Extracted records ->

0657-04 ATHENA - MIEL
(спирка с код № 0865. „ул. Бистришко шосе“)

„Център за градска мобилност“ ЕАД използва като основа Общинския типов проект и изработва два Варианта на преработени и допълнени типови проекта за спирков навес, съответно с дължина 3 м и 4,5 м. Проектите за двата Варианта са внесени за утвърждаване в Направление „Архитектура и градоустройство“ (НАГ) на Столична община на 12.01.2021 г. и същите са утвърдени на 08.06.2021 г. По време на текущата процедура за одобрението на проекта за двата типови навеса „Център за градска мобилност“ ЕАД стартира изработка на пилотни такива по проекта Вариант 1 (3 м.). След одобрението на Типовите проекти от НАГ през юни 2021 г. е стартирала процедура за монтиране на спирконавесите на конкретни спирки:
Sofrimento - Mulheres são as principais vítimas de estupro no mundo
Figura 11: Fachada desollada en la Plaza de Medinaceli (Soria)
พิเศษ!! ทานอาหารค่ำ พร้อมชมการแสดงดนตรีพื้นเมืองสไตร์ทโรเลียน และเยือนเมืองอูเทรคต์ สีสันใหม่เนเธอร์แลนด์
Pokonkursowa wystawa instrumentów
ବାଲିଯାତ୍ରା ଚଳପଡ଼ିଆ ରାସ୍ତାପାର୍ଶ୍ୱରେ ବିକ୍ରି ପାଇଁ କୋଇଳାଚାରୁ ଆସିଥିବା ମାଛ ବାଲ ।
* * *
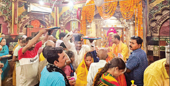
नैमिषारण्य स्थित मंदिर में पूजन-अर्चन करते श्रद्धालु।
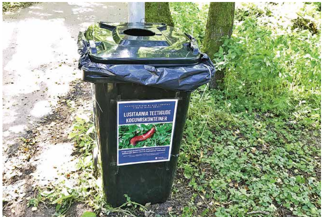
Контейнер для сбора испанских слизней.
...
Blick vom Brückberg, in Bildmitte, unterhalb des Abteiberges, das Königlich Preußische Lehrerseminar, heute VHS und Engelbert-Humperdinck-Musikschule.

Your assignment ->
Every line from the line containing "0657-04 ATHENA - MIEL" through the line containing "ବାଲିଯାତ୍ରା ଚଳପଡ଼ିଆ ରାସ୍ତାପାର୍ଶ୍ୱରେ" in the records above must be retyped exactly. Leave out the rest.

Exercise answer ->
0657-04 ATHENA - MIEL
(спирка с код № 0865. „ул. Бистришко шосе“)

„Център за градска мобилност“ ЕАД използва като основа Общинския типов проект и изработва два Варианта на преработени и допълнени типови проекта за спирков навес, съответно с дължина 3 м и 4,5 м. Проектите за двата Варианта са внесени за утвърждаване в Направление „Архитектура и градоустройство“ (НАГ) на Столична община на 12.01.2021 г. и същите са утвърдени на 08.06.2021 г. По време на текущата процедура за одобрението на проекта за двата типови навеса „Център за градска мобилност“ ЕАД стартира изработка на пилотни такива по проекта Вариант 1 (3 м.). След одобрението на Типовите проекти от НАГ през юни 2021 г. е стартирала процедура за монтиране на спирконавесите на конкретни спирки:
Sofrimento - Mulheres são as principais vítimas de estupro no mundo
Figura 11: Fachada desollada en la Plaza de Medinaceli (Soria)
พิเศษ!! ทานอาหารค่ำ พร้อมชมการแสดงดนตรีพื้นเมืองสไตร์ทโรเลียน และเยือนเมืองอูเทรคต์ สีสันใหม่เนเธอร์แลนด์
Pokonkursowa wystawa instrumentów
ବାଲିଯାତ୍ରା ଚଳପଡ଼ିଆ ରାସ୍ତାପାର୍ଶ୍ୱରେ ବିକ୍ରି ପାଇଁ କୋଇଳାଚାରୁ ଆସିଥିବା ମାଛ ବାଲ ।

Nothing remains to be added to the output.